Allen Shawn and Michael Bisio: IMPROVISATIONS.

**** AAJ
“Shawn and Bisio feed off each other's nature, producing personal music by turns complex, evocative, ominous, and calming. Highly recommended.”
Karl Ackermann www.allaboutjazz.com/improvisations-allen-shawn-michael-bisio-self-produced__31469

****1/2 AAJ
“This music is so properly presented, it has all the elements of composed music. To acknowledge these eight tracks as instant composing is sort of mind-blowing.” “From their instant composing we have fully formed works of art.”
Mark Corroto www.allaboutjazz.com/improvisations-allen-shawn-michael-bisio-self-produced

Veteran bass player Michael Bisio (born 1955) can be heard on over 120 CDs and albums, in 24 of them as leader/co-leader. Allen Shawn (born 1948) is best known as a “classical” composer of orchestral, chamber and piano music, as well as the author of four books. The two musicians got to know each other at Bennington College, in Bennington Vermont, where they both teach.
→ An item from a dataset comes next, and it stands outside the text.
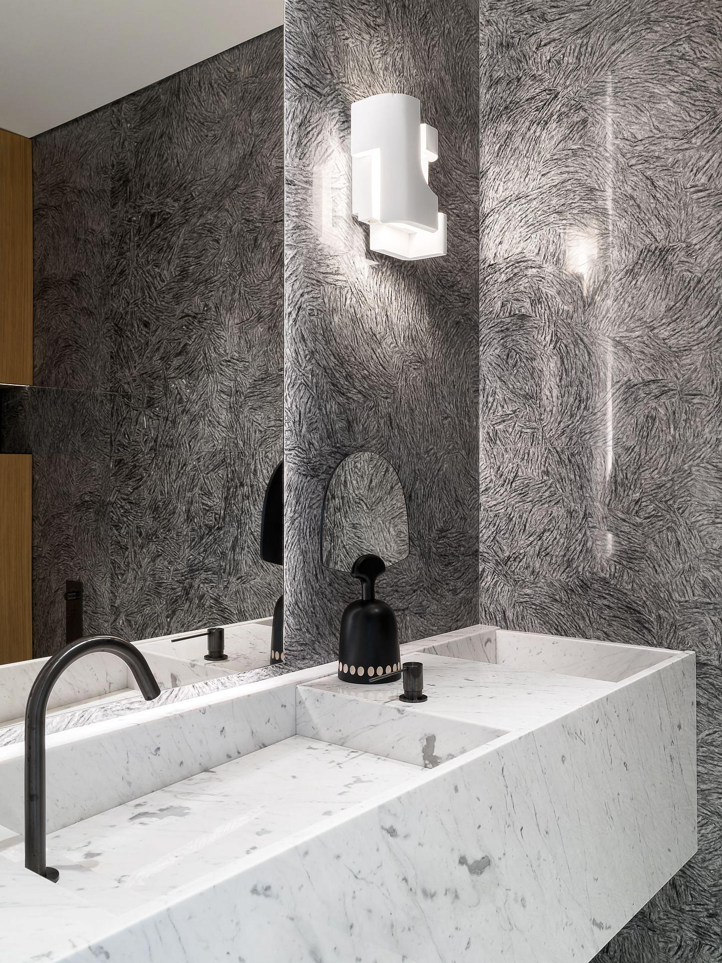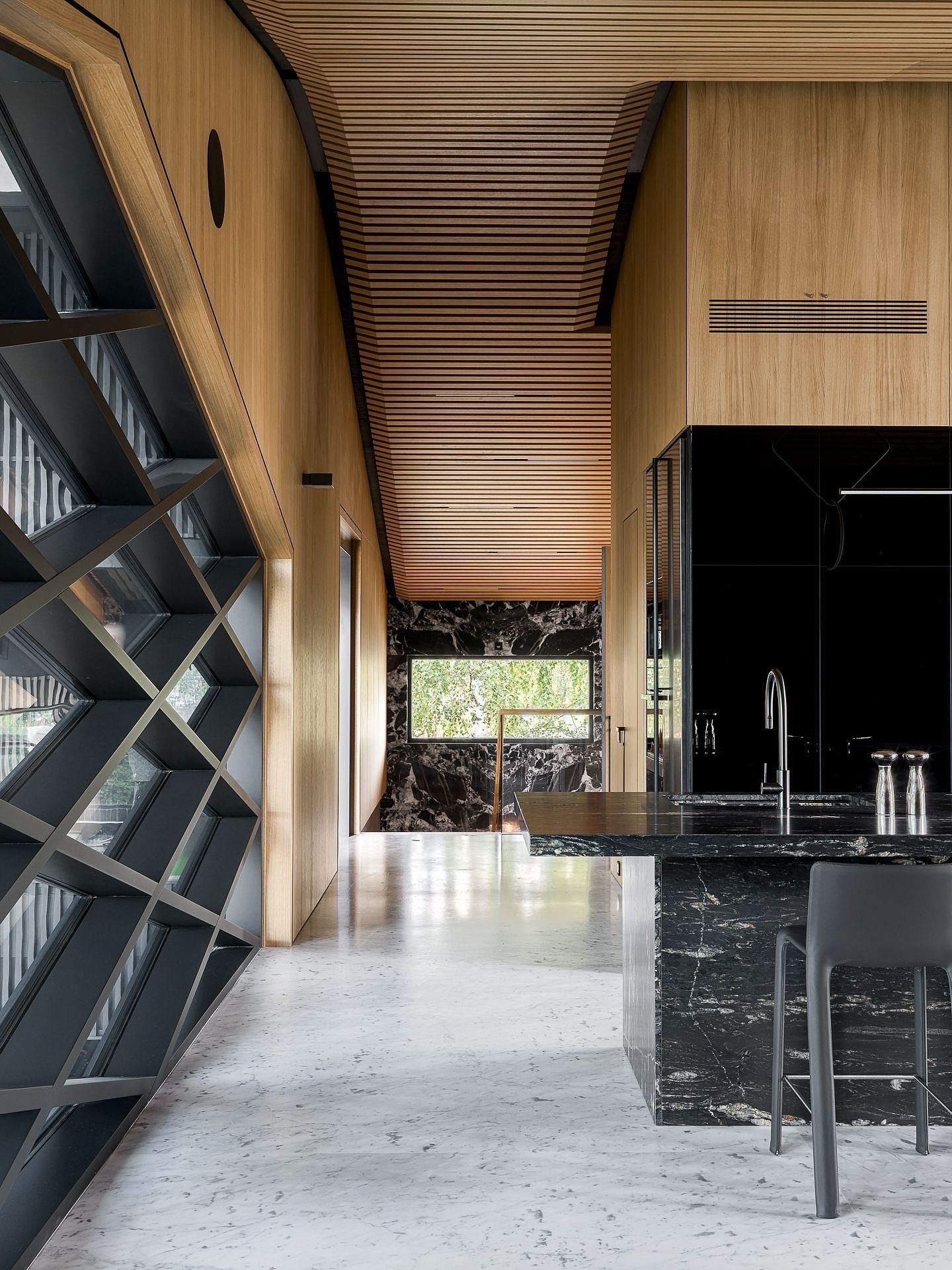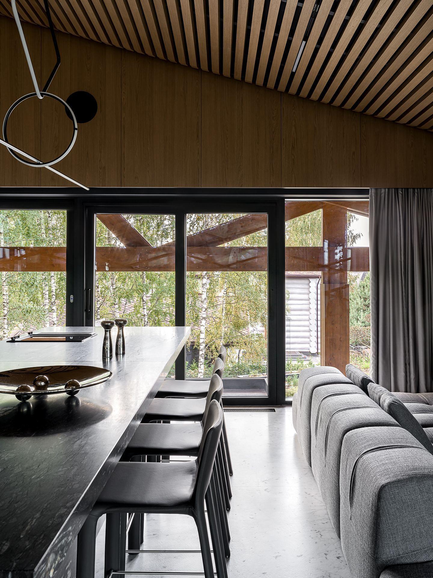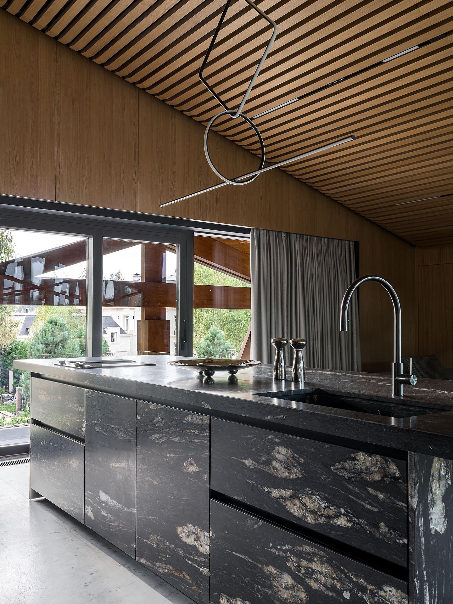 Сауна сочетает обожжённый сибирский кедр в технике японского Якисуги и африканский абаш — дерево с минимальной теплопроводностью, идеально подходящее для отделки зон, соприкасающихся с кожей.

After hearing Shawn participate in a rare impromptu improvisation as pianist, Bisio suggested to him that they should go into a recording studio and “see what happens”. Despite his admiration for Bisio’s work, Shawn demurred, saying that he had no experience or facility as an improvisor. But in Spring, 2019, he changed his mind, and the recording took place that Summer.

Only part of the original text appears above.